Так что есть ли чего нам страшиться? Кроме, конечно, крадущихся шагов за спиной. Обернусь я или нет – зависит от концентрации летучих отравляющих веществ в том воздухе, что набираю изорванными лёгкими в треснувших прутьях рёбер. Хватит ли мне этого на предсмертную эйфорию? Не знаю.

13.11.01
Я (счастливое число)


От: ZELLA (для HTM – self-about)

ПОСЛЕСЛОВИЕ

Что сказать? Я ЕСТЬ, и больше ничего нет, а это значит, что мой мир стоИт – и стОит того, чтобы не быть увиденным теми, у кого глаза, как потные липкие ладошки.

Я доигрываю последний акт трагикомедии, и лишь маленький поворот колеса Сансары отделяет меня от НЕ-бытия. Ну подтолкните ж его кто-нибудь! К сожалению, вряд ли это кому-то под силу.

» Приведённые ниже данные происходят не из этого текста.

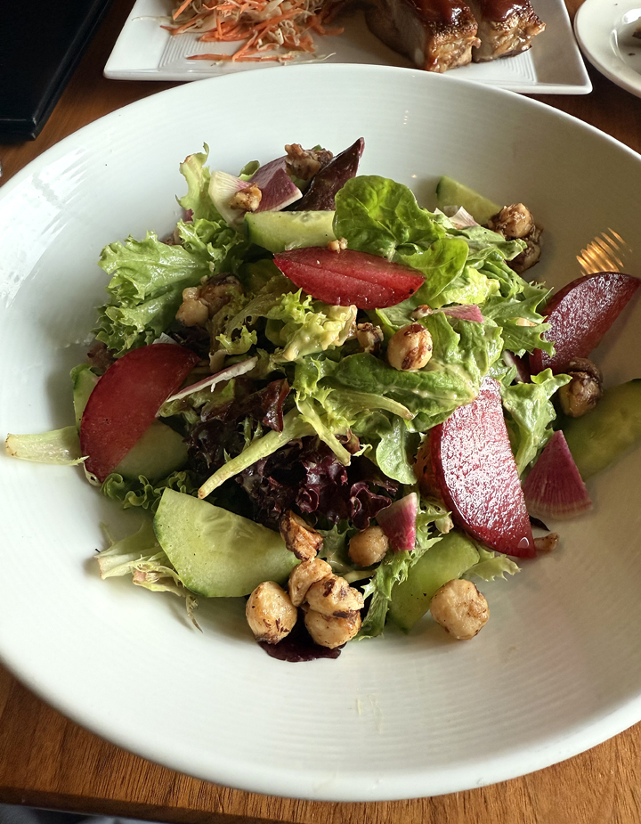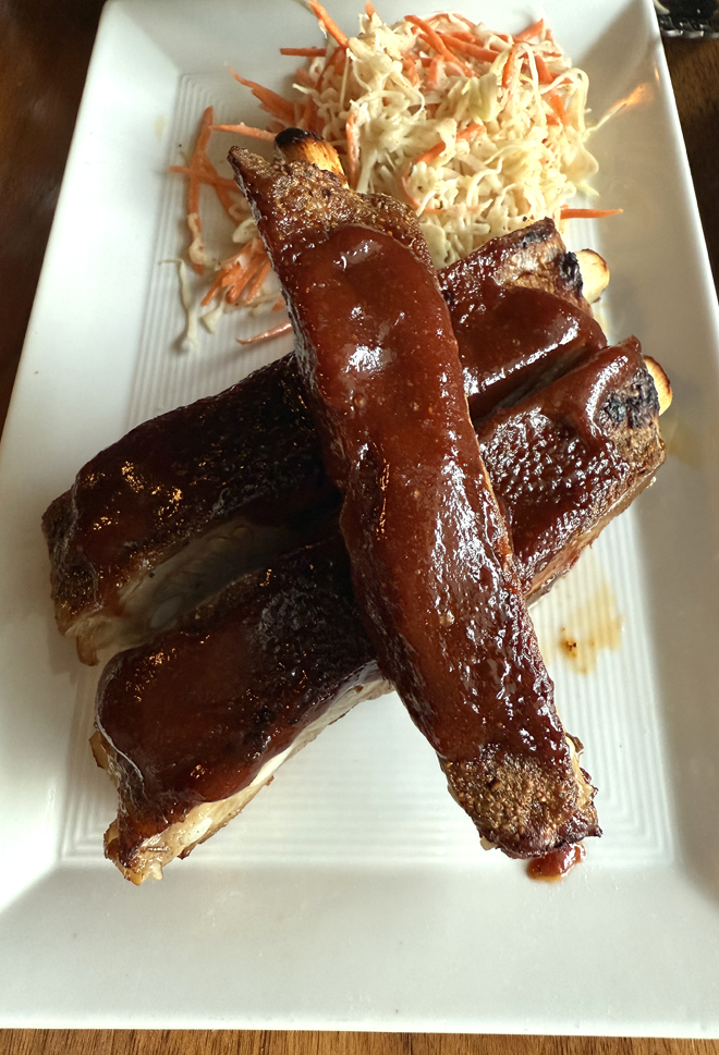 We also shared an appetizer of plum-glazed barbecue St. Louis ribs ($17) that came with a side of finely shredded cabbage slaw tossed in a buttermilk dressing. The ribs were tender with just enough chew in a sweet-tangy, sticky sauce.
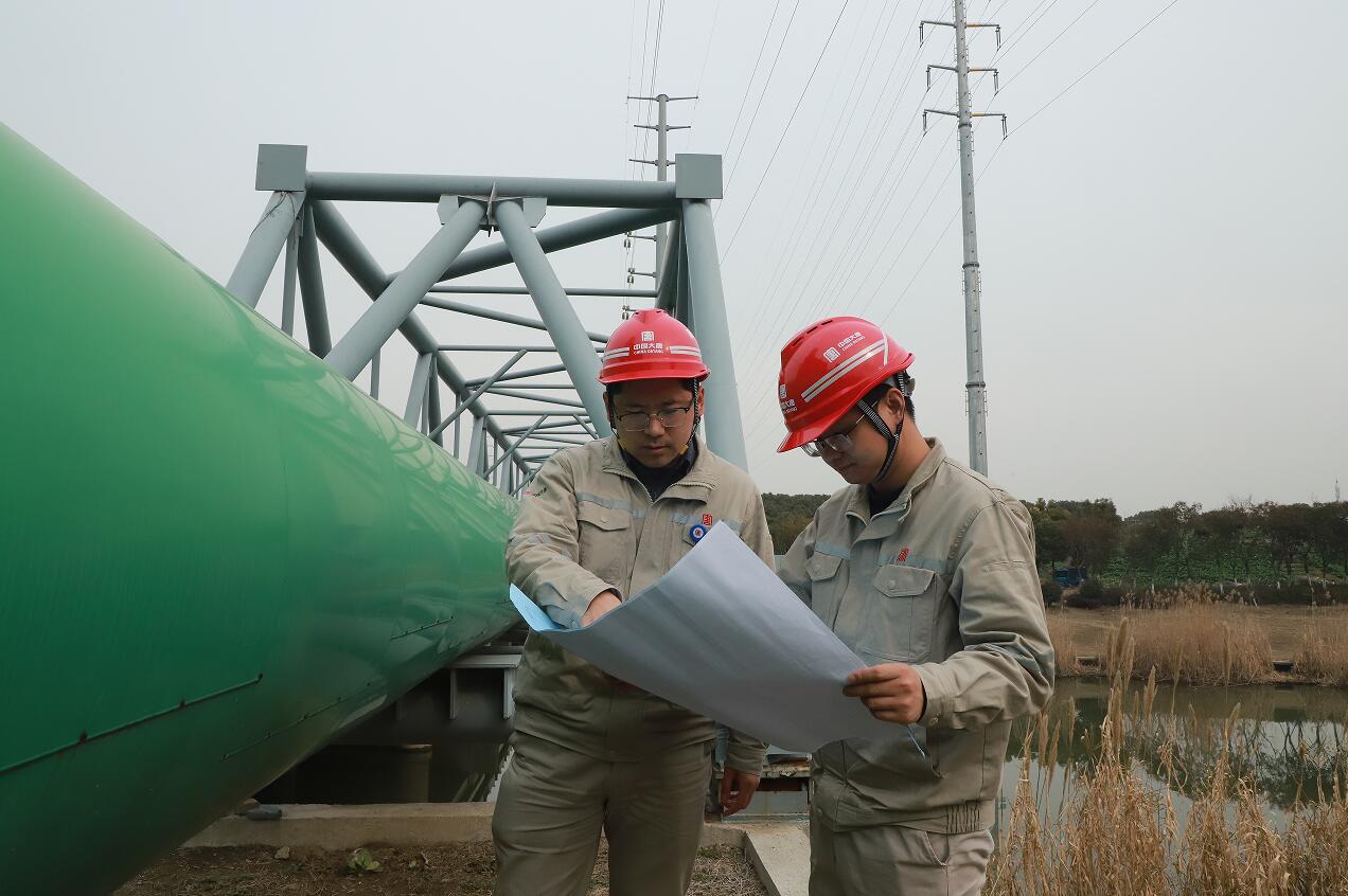 高翔(左一)和同事們巡查供熱管線(馮春雨/攝)

Реальность уже дышит мне в затылок горячими вздохами, но я не сгибаюсь, даже чувствуя её острые когти на своих плечах. Чем я не рыцарь в тигровой шкуре?

А ведь и правда, на рыцаря я мало похожа. Да и на охотника на слонов тоже. Мои слова не большие и неуклюжие (хотя слоны очень даже «уклюжие»), они скорее похожи на полуптиц-полурыб. В том и трагедия, что среда их обитания не определена. Они задыхаются на земле и захлёбываются в воде. Но зато ОНИ ЛЕТАЮТ!!!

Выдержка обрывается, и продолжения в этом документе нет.